# ACTIVITY
Which lines run from the one containing "Briq Real Estate" through the end of the data? Write them out exactly, with the pictures left out.

** Opening SUPPLIED INFORMATION block **

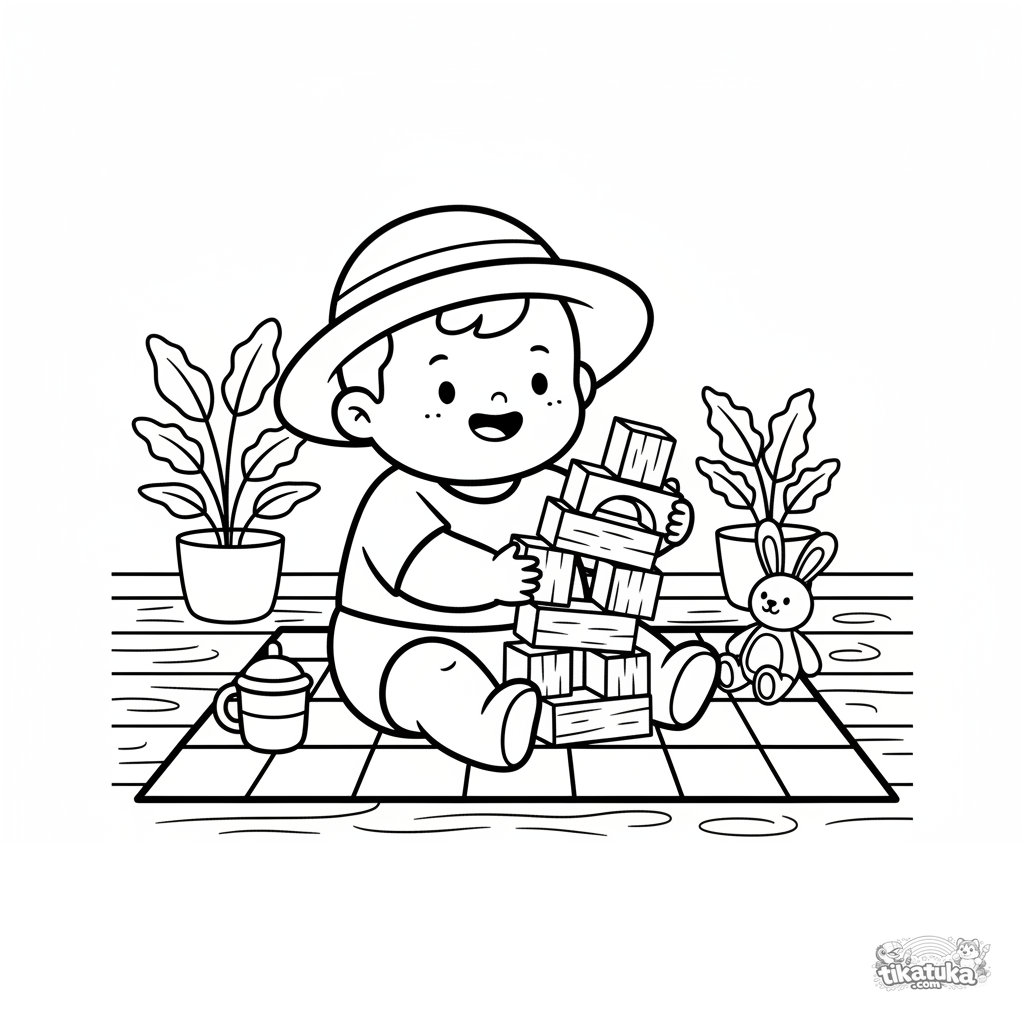 Sehr einfaches Ausmalbild für Kleinkinder 2-3: Kind baut einen Blockturm auf der Veranda. Große, klare Formen.
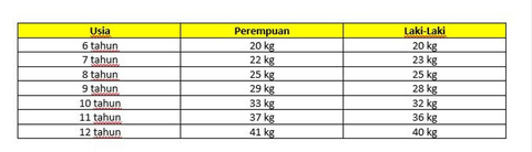 Tabel Berat Badan Anak Usia 6 12 Tahun Berbagai Tahun
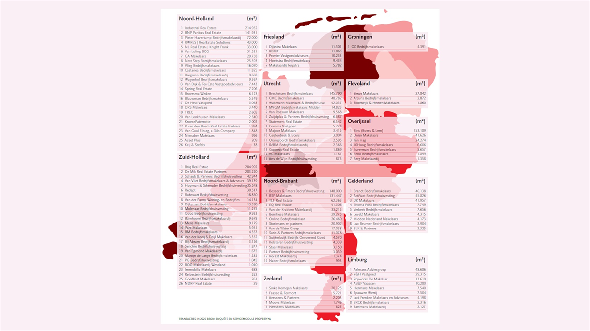 Briq Real Estate heeft er geen last van en neemt de koppositie over van stadgenoot De Mik. De Lobel, voorheen een top 3-speler in bedrijfsruimte, wilde deze keer geen transactietotalen doorgeven. Een sterke groei maakt Binc, het voormalige Boers & Lem, door: de metrage verdubbelt ruim, waardoor het bedrijf uit Enschede het eveneens groeiende Bossers & Fitters van de vierde plek houdt.
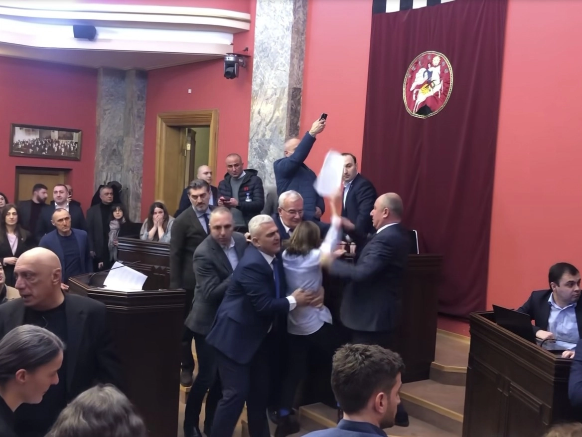 Videot e transmetuara nga brenda ndërtesës së parlamentit në Tbilisi treguan një përleshje të shkurtër, por të dhunshme midis ligjvënësve, kur kryetari i komitetit të çështjeve ligjore të organit u shfaq duke goditur kreun e partisë opozitare Lëvizja e Bashkuar Kombëtare, e cila kundërshton ligjin.

** Closing SUPPLIED INFORMATION block **

# TASK SOLUTION
 Briq Real Estate heeft er geen last van en neemt de koppositie over van stadgenoot De Mik. De Lobel, voorheen een top 3-speler in bedrijfsruimte, wilde deze keer geen transactietotalen doorgeven. Een sterke groei maakt Binc, het voormalige Boers & Lem, door: de metrage verdubbelt ruim, waardoor het bedrijf uit Enschede het eveneens groeiende Bossers & Fitters van de vierde plek houdt.
 Videot e transmetuara nga brenda ndërtesës së parlamentit në Tbilisi treguan një përleshje të shkurtër, por të dhunshme midis ligjvënësve, kur kryetari i komitetit të çështjeve ligjore të organit u shfaq duke goditur kreun e partisë opozitare Lëvizja e Bashkuar Kombëtare, e cila kundërshton ligjin.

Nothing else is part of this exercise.